Without the pictures, output the records below word for word.

Entries provided
↓↓↓

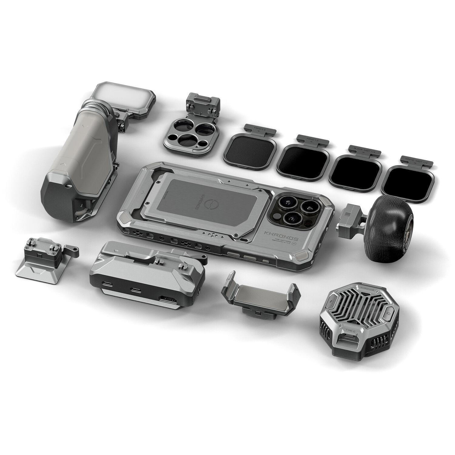 Designed for mobile filmmakers using the iPhone 15 Pro Max, the titanium white Khronos Ultimate Kit from Tilta includes a Khronos iPhone 15 Pro Max Case, a Khronos Cooling System, a Khronos Focus PD Handle, a Khronos Mini Daylight LED Light Panel, a Khronos ARCA Quick Release Adapter (38mm), a Khronos Quick Release USB-C Hub, a Khronos Circular Wooden Handle, a Khronos Universal SSD Holder, a Khronos Quick Release Filter Tray, a Khronos Magnetic FSND 0.6 Filter, a Khronos Magnetic FSND 1.2 Filter, a Khronos Magnetic Black Mist 1/4 Filter, and a Khronos Magnetic White Mist 1/4 Filter. This bundle helps ensure you're better equipped for professional videography, live streaming, vlogging, and more.
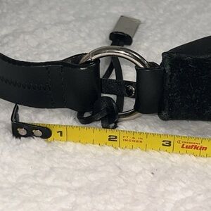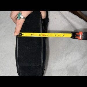 The 2000's Etienne Aigner Genuine Leather Suede Purse features a classic slouch middle crescent shape with a zip closure and a shoulder strap. The exterior material is a combination of leather and suede, with a solid black color. The interior is lined with fabric and has two pockets, one is a zipper compartment and one is an open pocket making it a stylish and durable accessory for women who appreciate practical vintage fashion. The silver rings on the sides of purse add a touch of elegance to the overall design, reflecting the timeless appeal of Y2K fashion trends.
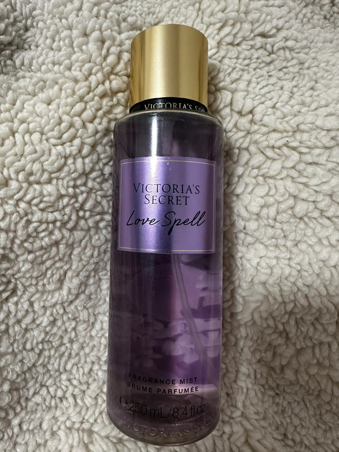 Victoria's Secret fragrance mist in two popular scents: Pure Seduction and Love Spell. Each bottle is 250 mL / 8.4 fl oz. Perfect for a quick refresh or layering scent throughout the day!
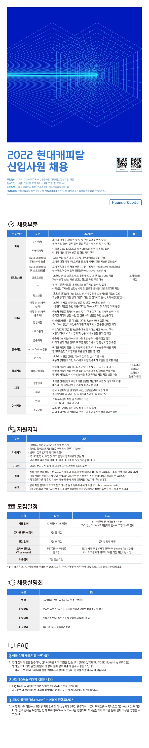 [채용] 2022 현대캐피탈 신입사원 채용 (~4.25)
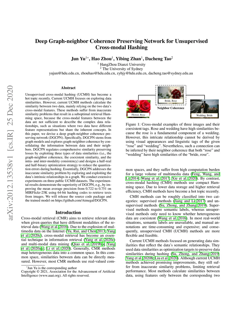 Unsupervised cross-modal hashing (UCMH) has become a hot topic recently. Current UCMH focuses on exploring data similarities. However, current UCMH methods calculate the similarity between two data, mainly relying on the two data's cross-modal features. These methods suffer from inaccurate similarity problems that result in a suboptimal retrieval Hamming space, because the cross-modal features between the data are not sufficient to describe the complex data relationships, such as situations where two data have different feature representations but share the inherent concepts. In this paper, we devise a deep graph-neighbor coherence preserving network (DGCPN). Specifically, DGCPN stems from graph models and explores graph-neighbor coherence by consolidating the information between data and their neighbors. DGCPN regulates comprehensive similarity preserving losses by exploiting three types of data similarities (i.e., the graph-neighbor coherence, the coexistent similarity, and the intra- and inter-modality consistency) and designs a half-real and half-binary optimization strategy to reduce the quantization errors during hashing. Essentially, DGCPN addresses the inaccurate similarity problem by exploring and exploiting the data's intrinsic relationships in a graph. We conduct extensive experiments on three public UCMH datasets. The experimental results demonstrate the superiority of DGCPN, e.g., by improving the mean average precision from 0.722 to 0.751 on MIRFlickr-25K using 64-bit hashing codes to retrieve texts from images. We will release the source code package and the trained model on https://github.com/Atmegal/DGCPN.
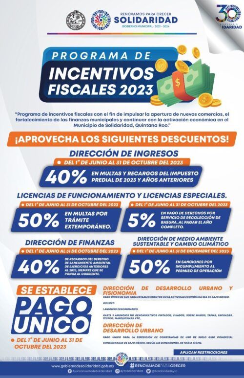 Cabe resaltar que la dirección de Desarrollo Urbano y Fisonomía establece pago único para establecimientos, cuya actividad sea de bajo riesgo, tanto en anuncios como en la expedición de constancias de uso de suelo de giro comercial. Para conocer mayores especificaciones, montos de descuentos y restricciones, se puede checar la página oficial, redes sociales o acudir directamente a las oficinas del Ayuntamiento, o si prefiere, comunicarse al (984) 877 50 30.
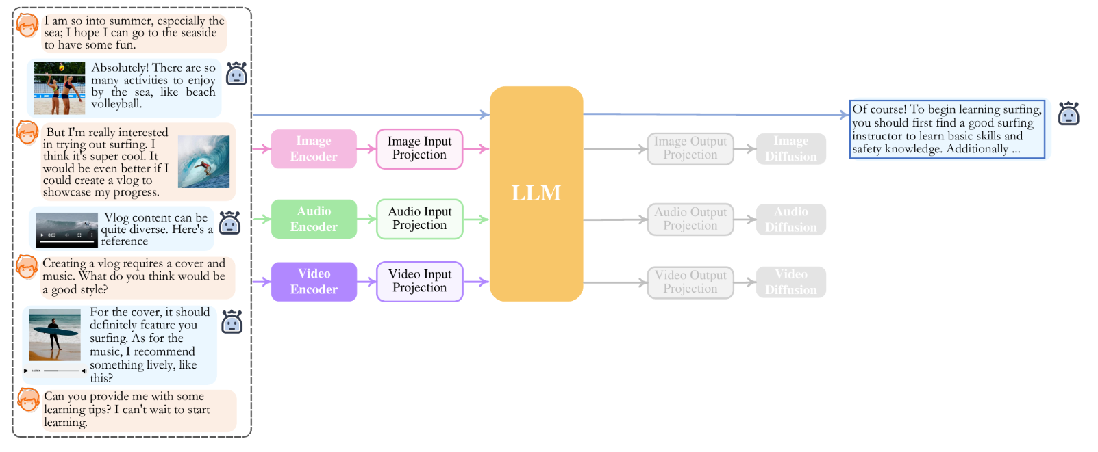 Extending the reach of LLMs even further is the integration of multiple modalities, such as vision and audio. These components convert inputs like images or sound into latent representations, a universal language that our LLM understands.
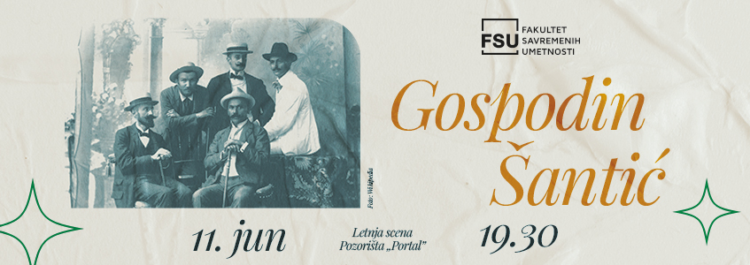 Predstava „Gospodin Šantić”, koju igraju studenti osnovnih i master studija, održaće se u utorak, 11. juna, s početkom u 19.30, na Letnjoj sceni Pozorišta „Portal”, na Fakultetu savremenih umetnosti (Svetozara Miletića 12, Beograd).
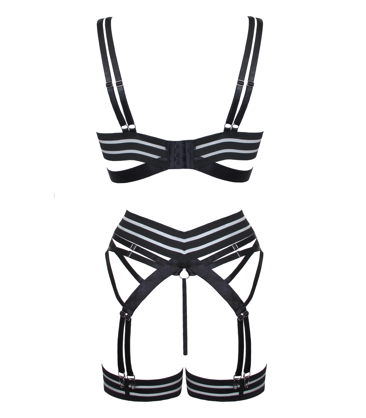 - 4/5 Pieces, bra, gstring, garter belt, two leg straps
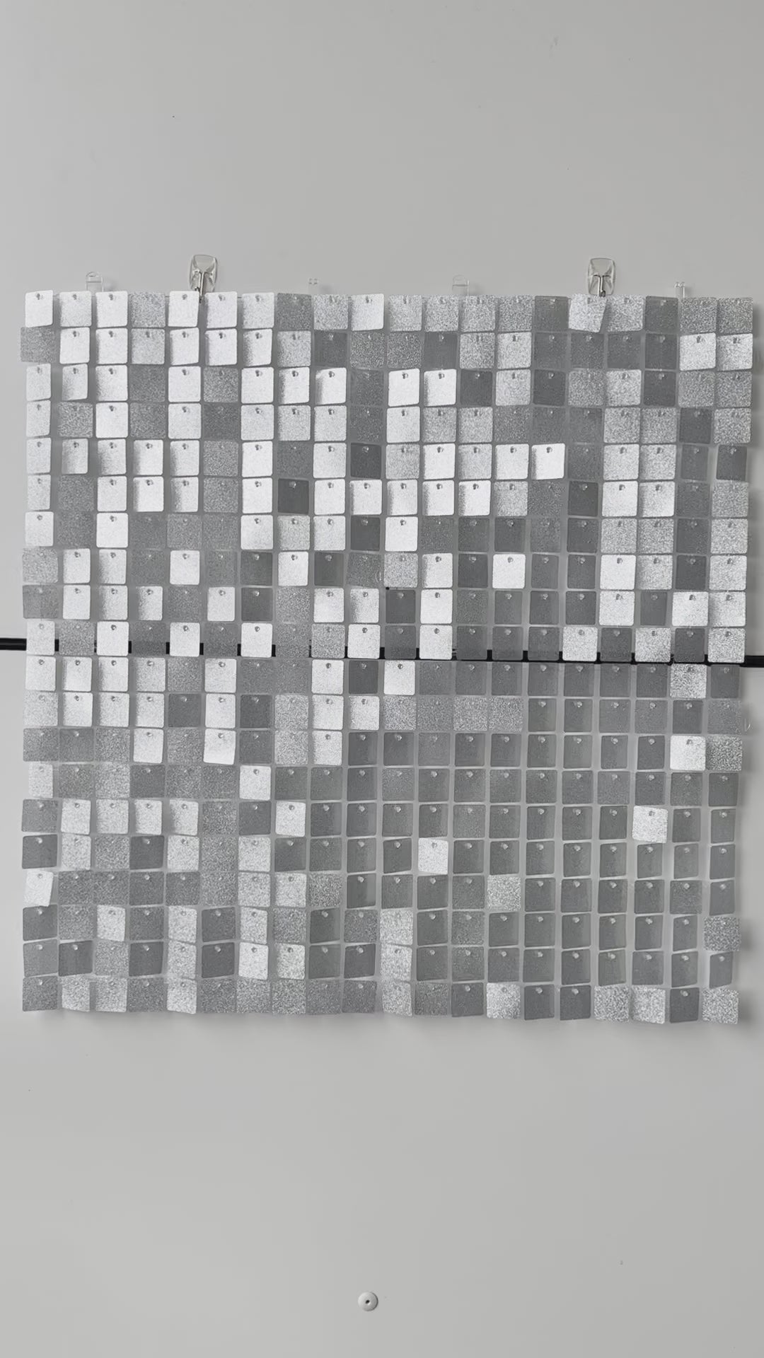 Our sequin walls are built on new style clear grid backing 30cm x 30cm panels. New model clip technology is much more flexible and easier to connect than models available from other suppliers
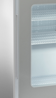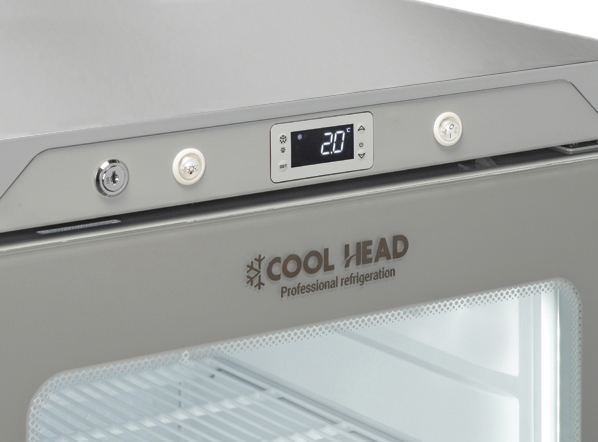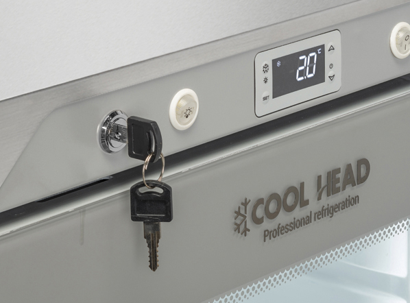 200 liters glass door ABS cabinet comes in stainless-steel finish and internally thermoformed, double temperated glass layer with Low-e, gray silk-printing frame for glass door, fitted with a digital thermostat and n.2 vertical lights along inner door profile, lock, main and separate light switch, integratred handle long door profile, 2 adjustable shelves + 1 shelf on the bottom side, assembled with 2 adjustable feet + 2 rollers at the back.
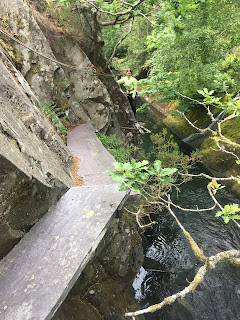 In places, the slate slabs were missing and I had to balance along the metal stakes, or traverse a wooden plank which had been added as a replacement. Towards the end, a rotten beam hung forlornly down, clinging on by an equally rotten bit of string. Some delicate rock climbing got me past it and onto the better-looking slate walkway.

↑↑↑

Reply to the exercise
 Designed for mobile filmmakers using the iPhone 15 Pro Max, the titanium white Khronos Ultimate Kit from Tilta includes a Khronos iPhone 15 Pro Max Case, a Khronos Cooling System, a Khronos Focus PD Handle, a Khronos Mini Daylight LED Light Panel, a Khronos ARCA Quick Release Adapter (38mm), a Khronos Quick Release USB-C Hub, a Khronos Circular Wooden Handle, a Khronos Universal SSD Holder, a Khronos Quick Release Filter Tray, a Khronos Magnetic FSND 0.6 Filter, a Khronos Magnetic FSND 1.2 Filter, a Khronos Magnetic Black Mist 1/4 Filter, and a Khronos Magnetic White Mist 1/4 Filter. This bundle helps ensure you're better equipped for professional videography, live streaming, vlogging, and more.
 The 2000's Etienne Aigner Genuine Leather Suede Purse features a classic slouch middle crescent shape with a zip closure and a shoulder strap. The exterior material is a combination of leather and suede, with a solid black color. The interior is lined with fabric and has two pockets, one is a zipper compartment and one is an open pocket making it a stylish and durable accessory for women who appreciate practical vintage fashion. The silver rings on the sides of purse add a touch of elegance to the overall design, reflecting the timeless appeal of Y2K fashion trends.
 Victoria's Secret fragrance mist in two popular scents: Pure Seduction and Love Spell. Each bottle is 250 mL / 8.4 fl oz. Perfect for a quick refresh or layering scent throughout the day!
 [채용] 2022 현대캐피탈 신입사원 채용 (~4.25)
 Unsupervised cross-modal hashing (UCMH) has become a hot topic recently. Current UCMH focuses on exploring data similarities. However, current UCMH methods calculate the similarity between two data, mainly relying on the two data's cross-modal features. These methods suffer from inaccurate similarity problems that result in a suboptimal retrieval Hamming space, because the cross-modal features between the data are not sufficient to describe the complex data relationships, such as situations where two data have different feature representations but share the inherent concepts. In this paper, we devise a deep graph-neighbor coherence preserving network (DGCPN). Specifically, DGCPN stems from graph models and explores graph-neighbor coherence by consolidating the information between data and their neighbors. DGCPN regulates comprehensive similarity preserving losses by exploiting three types of data similarities (i.e., the graph-neighbor coherence, the coexistent similarity, and the intra- and inter-modality consistency) and designs a half-real and half-binary optimization strategy to reduce the quantization errors during hashing. Essentially, DGCPN addresses the inaccurate similarity problem by exploring and exploiting the data's intrinsic relationships in a graph. We conduct extensive experiments on three public UCMH datasets. The experimental results demonstrate the superiority of DGCPN, e.g., by improving the mean average precision from 0.722 to 0.751 on MIRFlickr-25K using 64-bit hashing codes to retrieve texts from images. We will release the source code package and the trained model on https://github.com/Atmegal/DGCPN.
 Cabe resaltar que la dirección de Desarrollo Urbano y Fisonomía establece pago único para establecimientos, cuya actividad sea de bajo riesgo, tanto en anuncios como en la expedición de constancias de uso de suelo de giro comercial. Para conocer mayores especificaciones, montos de descuentos y restricciones, se puede checar la página oficial, redes sociales o acudir directamente a las oficinas del Ayuntamiento, o si prefiere, comunicarse al (984) 877 50 30.
 Extending the reach of LLMs even further is the integration of multiple modalities, such as vision and audio. These components convert inputs like images or sound into latent representations, a universal language that our LLM understands.
 Predstava „Gospodin Šantić”, koju igraju studenti osnovnih i master studija, održaće se u utorak, 11. juna, s početkom u 19.30, na Letnjoj sceni Pozorišta „Portal”, na Fakultetu savremenih umetnosti (Svetozara Miletića 12, Beograd).
 - 4/5 Pieces, bra, gstring, garter belt, two leg straps
 Our sequin walls are built on new style clear grid backing 30cm x 30cm panels. New model clip technology is much more flexible and easier to connect than models available from other suppliers
 200 liters glass door ABS cabinet comes in stainless-steel finish and internally thermoformed, double temperated glass layer with Low-e, gray silk-printing frame for glass door, fitted with a digital thermostat and n.2 vertical lights along inner door profile, lock, main and separate light switch, integratred handle long door profile, 2 adjustable shelves + 1 shelf on the bottom side, assembled with 2 adjustable feet + 2 rollers at the back.
 In places, the slate slabs were missing and I had to balance along the metal stakes, or traverse a wooden plank which had been added as a replacement. Towards the end, a rotten beam hung forlornly down, clinging on by an equally rotten bit of string. Some delicate rock climbing got me past it and onto the better-looking slate walkway.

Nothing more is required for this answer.